● Assignment:
Could you retype the records below exactly as they appear, skipping any pictures?

● Data supplied:
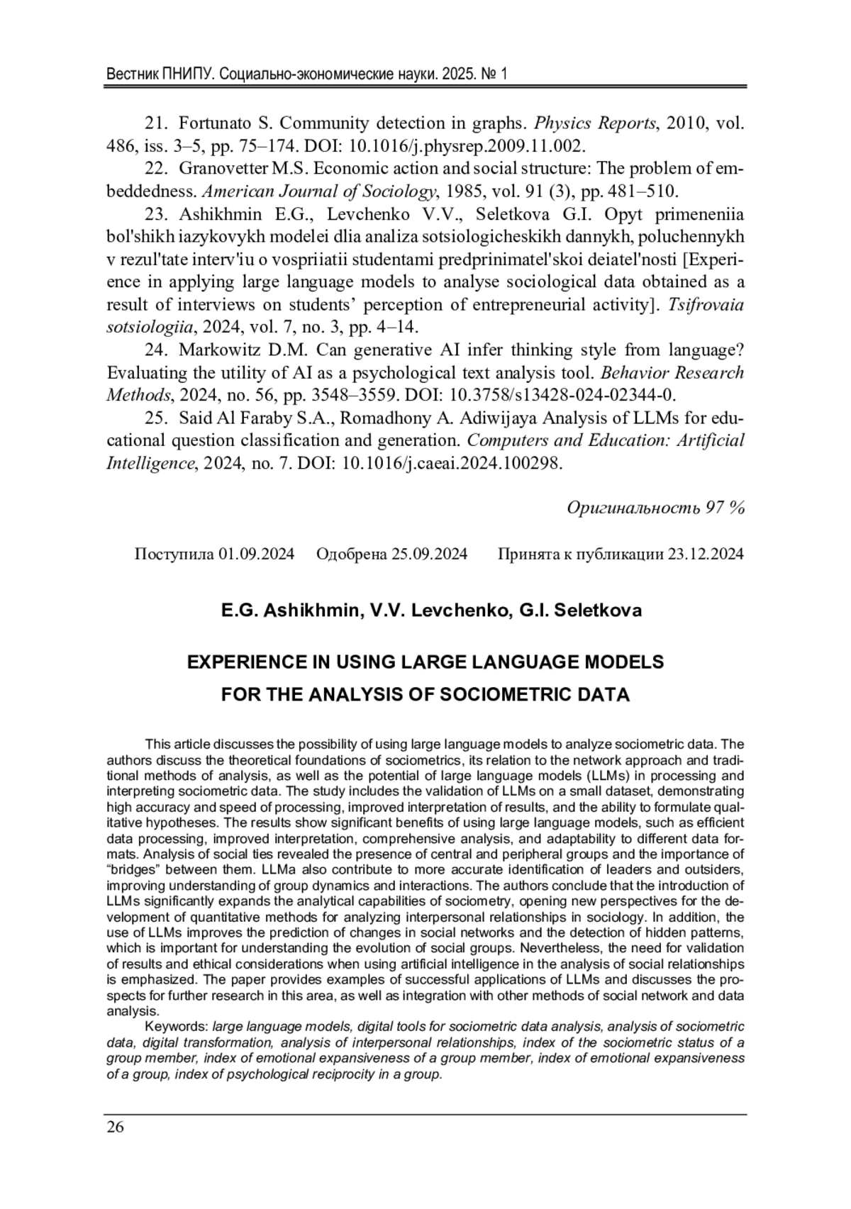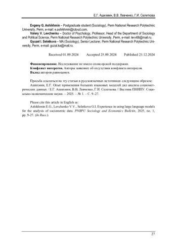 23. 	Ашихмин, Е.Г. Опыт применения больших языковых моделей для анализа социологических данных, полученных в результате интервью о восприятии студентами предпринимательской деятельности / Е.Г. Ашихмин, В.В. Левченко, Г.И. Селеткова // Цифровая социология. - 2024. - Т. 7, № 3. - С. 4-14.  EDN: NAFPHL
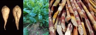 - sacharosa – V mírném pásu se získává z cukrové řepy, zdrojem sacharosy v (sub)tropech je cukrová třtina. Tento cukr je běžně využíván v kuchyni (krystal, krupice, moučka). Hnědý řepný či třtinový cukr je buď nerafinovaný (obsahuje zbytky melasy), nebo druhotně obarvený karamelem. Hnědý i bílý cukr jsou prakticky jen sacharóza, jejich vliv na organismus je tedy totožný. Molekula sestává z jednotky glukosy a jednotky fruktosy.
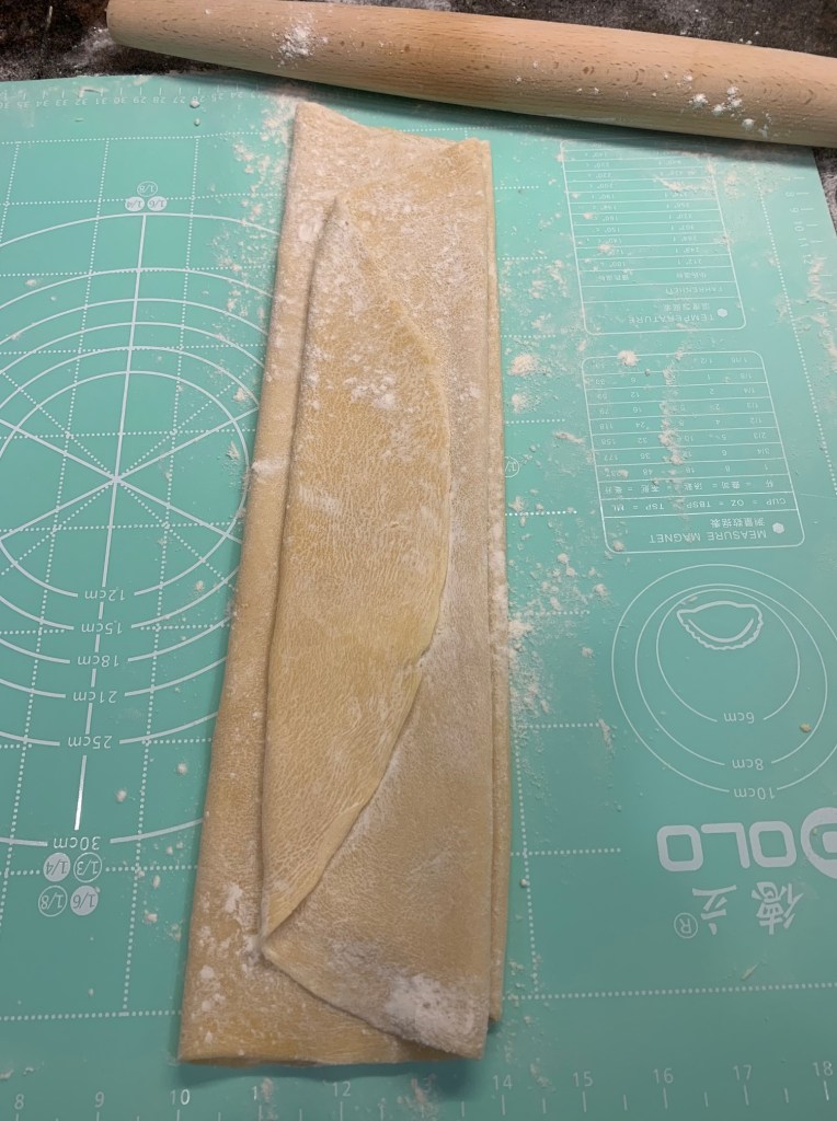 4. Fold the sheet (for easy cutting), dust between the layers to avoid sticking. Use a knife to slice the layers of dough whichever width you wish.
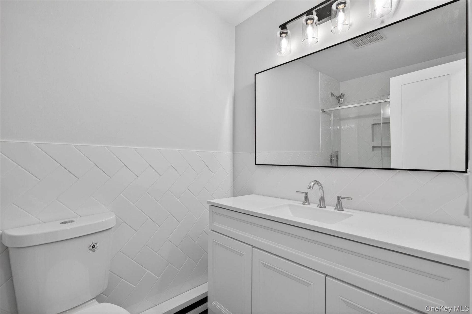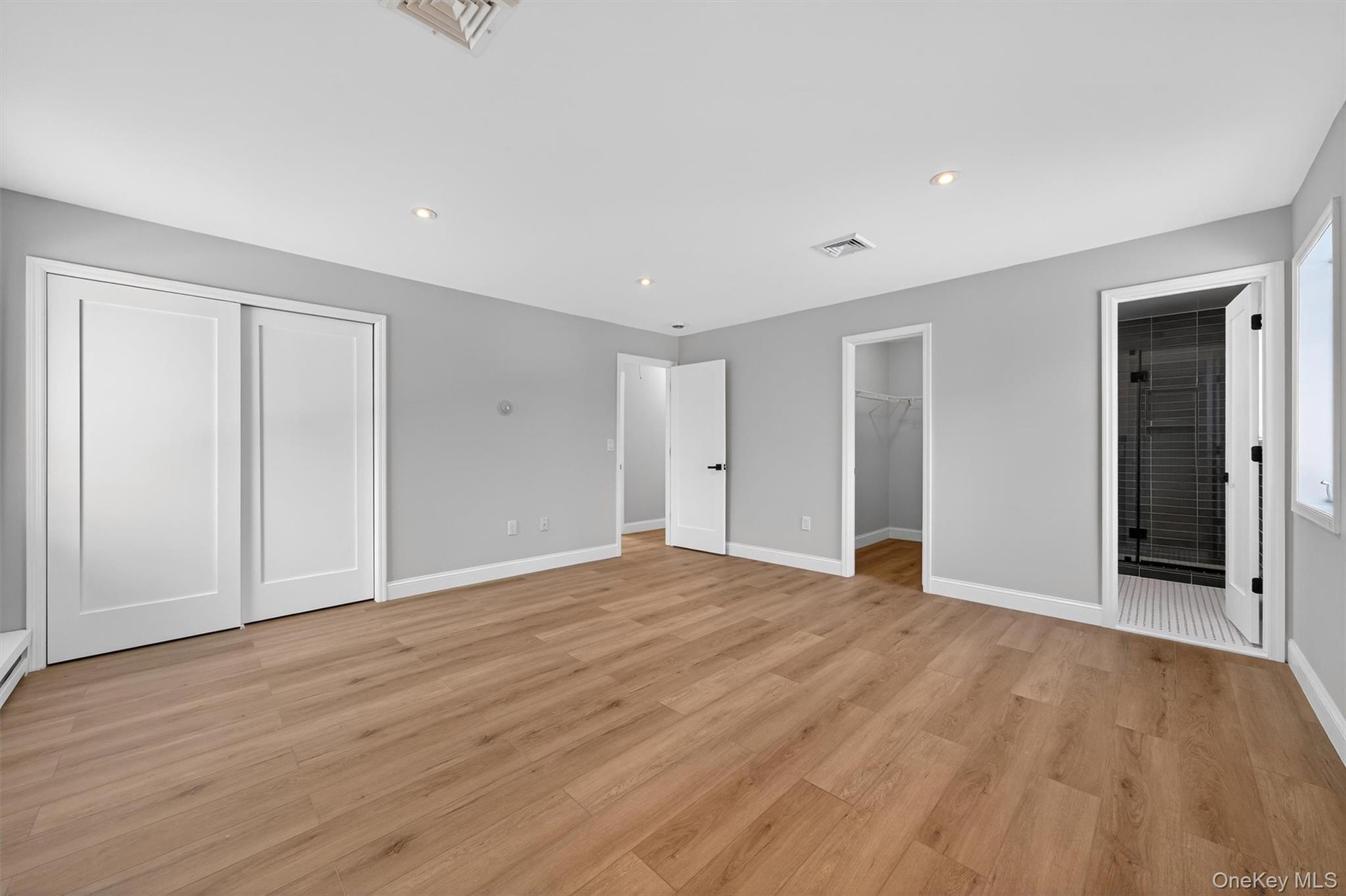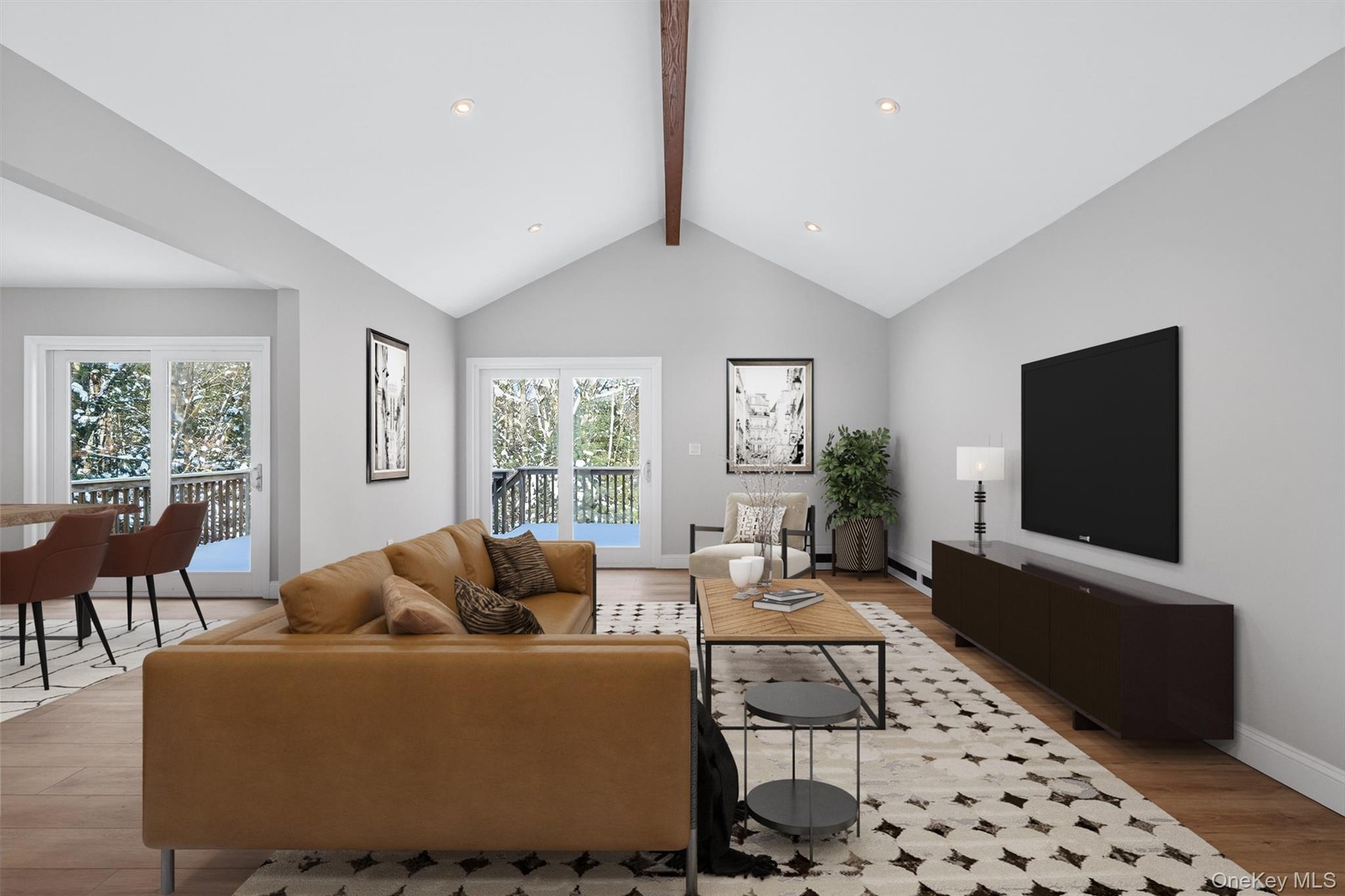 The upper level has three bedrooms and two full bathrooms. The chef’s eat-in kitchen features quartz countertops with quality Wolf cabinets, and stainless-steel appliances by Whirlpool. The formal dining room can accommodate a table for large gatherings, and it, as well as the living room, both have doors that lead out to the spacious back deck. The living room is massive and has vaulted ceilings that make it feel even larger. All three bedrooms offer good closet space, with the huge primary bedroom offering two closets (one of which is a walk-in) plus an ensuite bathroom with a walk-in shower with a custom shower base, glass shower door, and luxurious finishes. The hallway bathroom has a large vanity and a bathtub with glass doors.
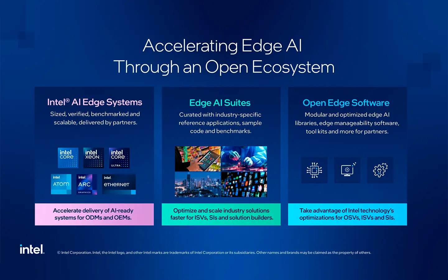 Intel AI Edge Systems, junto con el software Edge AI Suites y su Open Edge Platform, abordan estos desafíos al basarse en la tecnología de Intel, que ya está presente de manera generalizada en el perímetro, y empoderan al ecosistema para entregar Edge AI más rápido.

● Task output:
 23. 	Ашихмин, Е.Г. Опыт применения больших языковых моделей для анализа социологических данных, полученных в результате интервью о восприятии студентами предпринимательской деятельности / Е.Г. Ашихмин, В.В. Левченко, Г.И. Селеткова // Цифровая социология. - 2024. - Т. 7, № 3. - С. 4-14.  EDN: NAFPHL
 - sacharosa – V mírném pásu se získává z cukrové řepy, zdrojem sacharosy v (sub)tropech je cukrová třtina. Tento cukr je běžně využíván v kuchyni (krystal, krupice, moučka). Hnědý řepný či třtinový cukr je buď nerafinovaný (obsahuje zbytky melasy), nebo druhotně obarvený karamelem. Hnědý i bílý cukr jsou prakticky jen sacharóza, jejich vliv na organismus je tedy totožný. Molekula sestává z jednotky glukosy a jednotky fruktosy.
 4. Fold the sheet (for easy cutting), dust between the layers to avoid sticking. Use a knife to slice the layers of dough whichever width you wish.
 The upper level has three bedrooms and two full bathrooms. The chef’s eat-in kitchen features quartz countertops with quality Wolf cabinets, and stainless-steel appliances by Whirlpool. The formal dining room can accommodate a table for large gatherings, and it, as well as the living room, both have doors that lead out to the spacious back deck. The living room is massive and has vaulted ceilings that make it feel even larger. All three bedrooms offer good closet space, with the huge primary bedroom offering two closets (one of which is a walk-in) plus an ensuite bathroom with a walk-in shower with a custom shower base, glass shower door, and luxurious finishes. The hallway bathroom has a large vanity and a bathtub with glass doors.
 Intel AI Edge Systems, junto con el software Edge AI Suites y su Open Edge Platform, abordan estos desafíos al basarse en la tecnología de Intel, que ya está presente de manera generalizada en el perímetro, y empoderan al ecosistema para entregar Edge AI más rápido.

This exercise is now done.